DATA FOR ANALYSIS section start

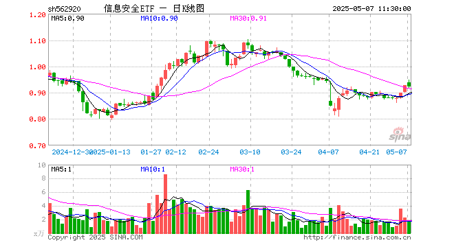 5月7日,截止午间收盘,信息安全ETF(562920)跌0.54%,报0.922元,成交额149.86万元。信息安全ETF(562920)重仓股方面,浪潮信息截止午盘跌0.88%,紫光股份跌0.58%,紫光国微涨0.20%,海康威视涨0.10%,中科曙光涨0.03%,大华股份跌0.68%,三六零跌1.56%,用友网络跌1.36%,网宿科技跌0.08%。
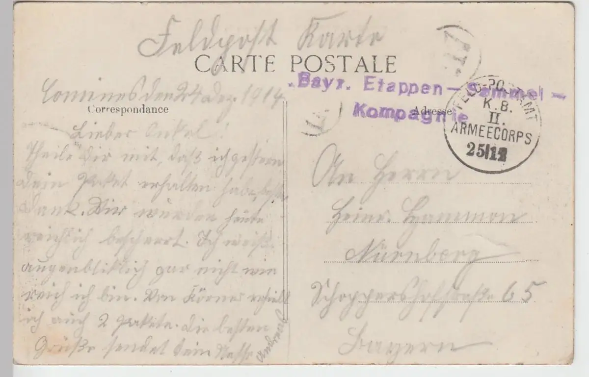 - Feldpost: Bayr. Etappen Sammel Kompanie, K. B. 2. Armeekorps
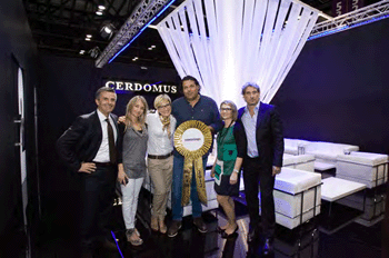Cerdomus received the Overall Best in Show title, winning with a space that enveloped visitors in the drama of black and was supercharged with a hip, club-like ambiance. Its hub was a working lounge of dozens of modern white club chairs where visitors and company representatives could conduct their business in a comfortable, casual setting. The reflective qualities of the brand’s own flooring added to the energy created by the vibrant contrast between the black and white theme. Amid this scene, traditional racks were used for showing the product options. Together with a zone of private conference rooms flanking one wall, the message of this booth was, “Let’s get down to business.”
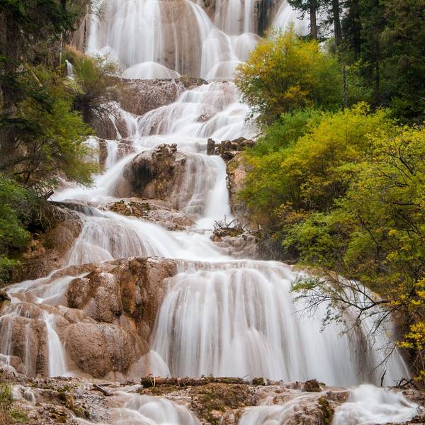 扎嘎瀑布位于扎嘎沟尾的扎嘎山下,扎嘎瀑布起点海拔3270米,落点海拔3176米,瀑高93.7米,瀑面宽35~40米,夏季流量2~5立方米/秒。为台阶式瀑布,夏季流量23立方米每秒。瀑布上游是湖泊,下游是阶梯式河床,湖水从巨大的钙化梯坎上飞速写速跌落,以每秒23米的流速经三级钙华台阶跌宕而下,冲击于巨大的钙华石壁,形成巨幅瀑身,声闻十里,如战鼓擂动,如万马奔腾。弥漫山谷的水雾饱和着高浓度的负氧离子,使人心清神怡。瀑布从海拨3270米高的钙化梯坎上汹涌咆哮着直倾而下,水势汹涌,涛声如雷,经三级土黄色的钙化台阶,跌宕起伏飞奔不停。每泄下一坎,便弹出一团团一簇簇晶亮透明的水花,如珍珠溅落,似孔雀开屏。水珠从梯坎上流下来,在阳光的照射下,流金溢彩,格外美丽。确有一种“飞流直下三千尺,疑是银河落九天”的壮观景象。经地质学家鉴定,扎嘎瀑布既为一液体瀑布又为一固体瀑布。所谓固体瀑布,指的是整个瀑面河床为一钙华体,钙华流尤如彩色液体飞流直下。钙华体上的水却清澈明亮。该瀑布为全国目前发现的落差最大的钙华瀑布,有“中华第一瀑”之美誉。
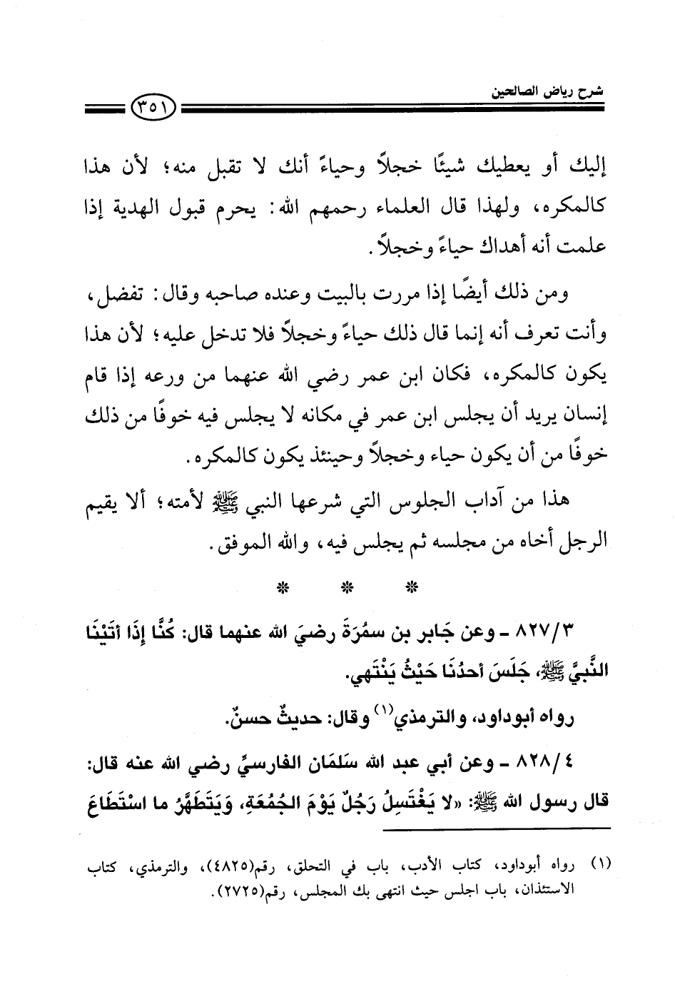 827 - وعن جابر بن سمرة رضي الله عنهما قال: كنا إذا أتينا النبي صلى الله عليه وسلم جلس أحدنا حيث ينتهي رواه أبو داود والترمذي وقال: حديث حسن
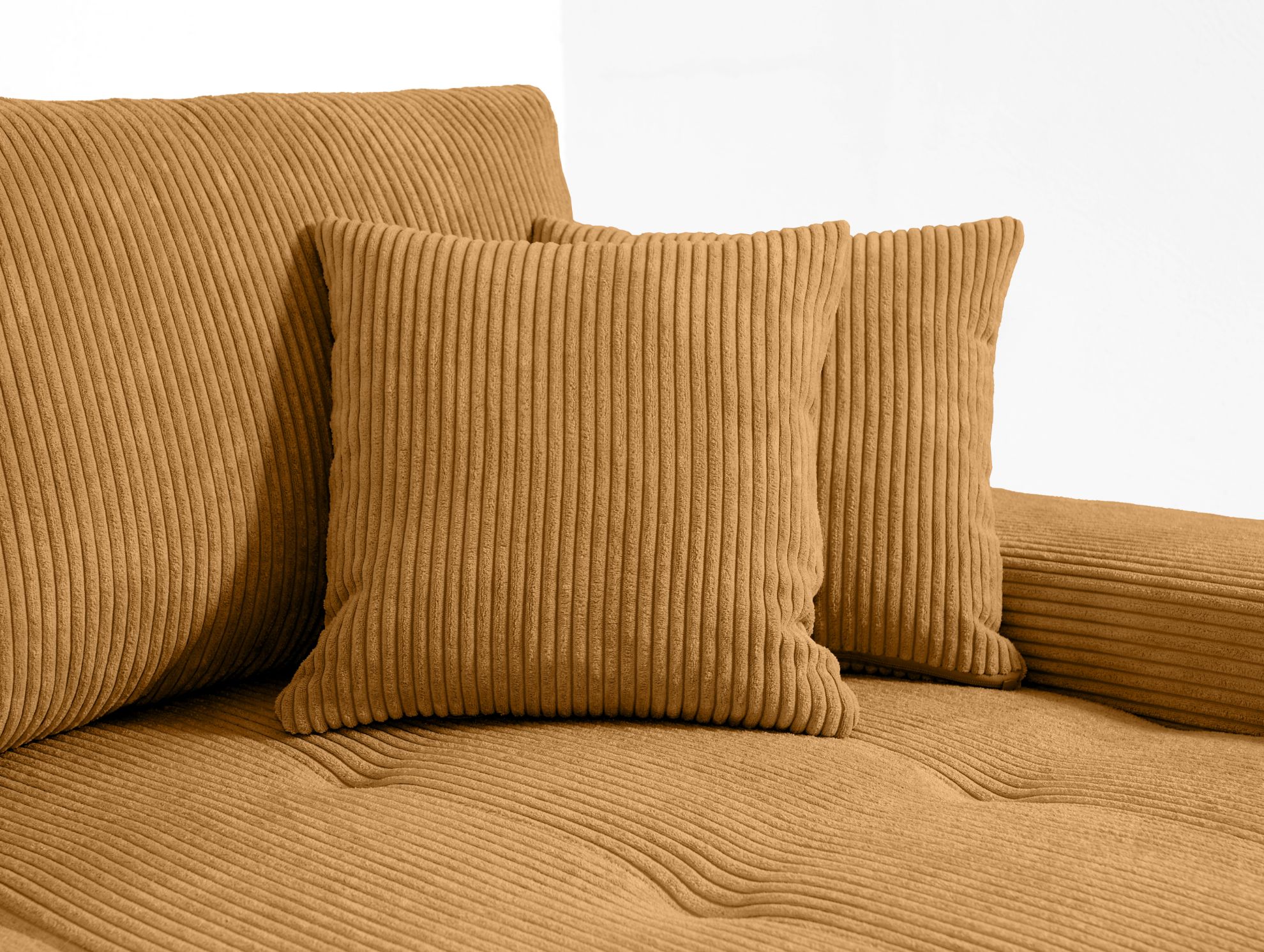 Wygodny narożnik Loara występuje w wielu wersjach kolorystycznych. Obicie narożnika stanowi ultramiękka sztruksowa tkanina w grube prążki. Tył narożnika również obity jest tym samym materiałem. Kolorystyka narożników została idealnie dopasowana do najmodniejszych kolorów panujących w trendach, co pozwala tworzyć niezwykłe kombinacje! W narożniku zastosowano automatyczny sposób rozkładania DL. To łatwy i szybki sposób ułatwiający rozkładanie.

DATA FOR ANALYSIS section end

INSTRUCTIONS FOR THE TASK>
Pictures must not appear in the copy, and every record must be restated word for word.

RESULT>
 5月7日,截止午间收盘,信息安全ETF(562920)跌0.54%,报0.922元,成交额149.86万元。信息安全ETF(562920)重仓股方面,浪潮信息截止午盘跌0.88%,紫光股份跌0.58%,紫光国微涨0.20%,海康威视涨0.10%,中科曙光涨0.03%,大华股份跌0.68%,三六零跌1.56%,用友网络跌1.36%,网宿科技跌0.08%。
 - Feldpost: Bayr. Etappen Sammel Kompanie, K. B. 2. Armeekorps
Cerdomus received the Overall Best in Show title, winning with a space that enveloped visitors in the drama of black and was supercharged with a hip, club-like ambiance. Its hub was a working lounge of dozens of modern white club chairs where visitors and company representatives could conduct their business in a comfortable, casual setting. The reflective qualities of the brand’s own flooring added to the energy created by the vibrant contrast between the black and white theme. Amid this scene, traditional racks were used for showing the product options. Together with a zone of private conference rooms flanking one wall, the message of this booth was, “Let’s get down to business.”
 扎嘎瀑布位于扎嘎沟尾的扎嘎山下,扎嘎瀑布起点海拔3270米,落点海拔3176米,瀑高93.7米,瀑面宽35~40米,夏季流量2~5立方米/秒。为台阶式瀑布,夏季流量23立方米每秒。瀑布上游是湖泊,下游是阶梯式河床,湖水从巨大的钙化梯坎上飞速写速跌落,以每秒23米的流速经三级钙华台阶跌宕而下,冲击于巨大的钙华石壁,形成巨幅瀑身,声闻十里,如战鼓擂动,如万马奔腾。弥漫山谷的水雾饱和着高浓度的负氧离子,使人心清神怡。瀑布从海拨3270米高的钙化梯坎上汹涌咆哮着直倾而下,水势汹涌,涛声如雷,经三级土黄色的钙化台阶,跌宕起伏飞奔不停。每泄下一坎,便弹出一团团一簇簇晶亮透明的水花,如珍珠溅落,似孔雀开屏。水珠从梯坎上流下来,在阳光的照射下,流金溢彩,格外美丽。确有一种“飞流直下三千尺,疑是银河落九天”的壮观景象。经地质学家鉴定,扎嘎瀑布既为一液体瀑布又为一固体瀑布。所谓固体瀑布,指的是整个瀑面河床为一钙华体,钙华流尤如彩色液体飞流直下。钙华体上的水却清澈明亮。该瀑布为全国目前发现的落差最大的钙华瀑布,有“中华第一瀑”之美誉。
 827 - وعن جابر بن سمرة رضي الله عنهما قال: كنا إذا أتينا النبي صلى الله عليه وسلم جلس أحدنا حيث ينتهي رواه أبو داود والترمذي وقال: حديث حسن
 Wygodny narożnik Loara występuje w wielu wersjach kolorystycznych. Obicie narożnika stanowi ultramiękka sztruksowa tkanina w grube prążki. Tył narożnika również obity jest tym samym materiałem. Kolorystyka narożników została idealnie dopasowana do najmodniejszych kolorów panujących w trendach, co pozwala tworzyć niezwykłe kombinacje! W narożniku zastosowano automatyczny sposób rozkładania DL. To łatwy i szybki sposób ułatwiający rozkładanie.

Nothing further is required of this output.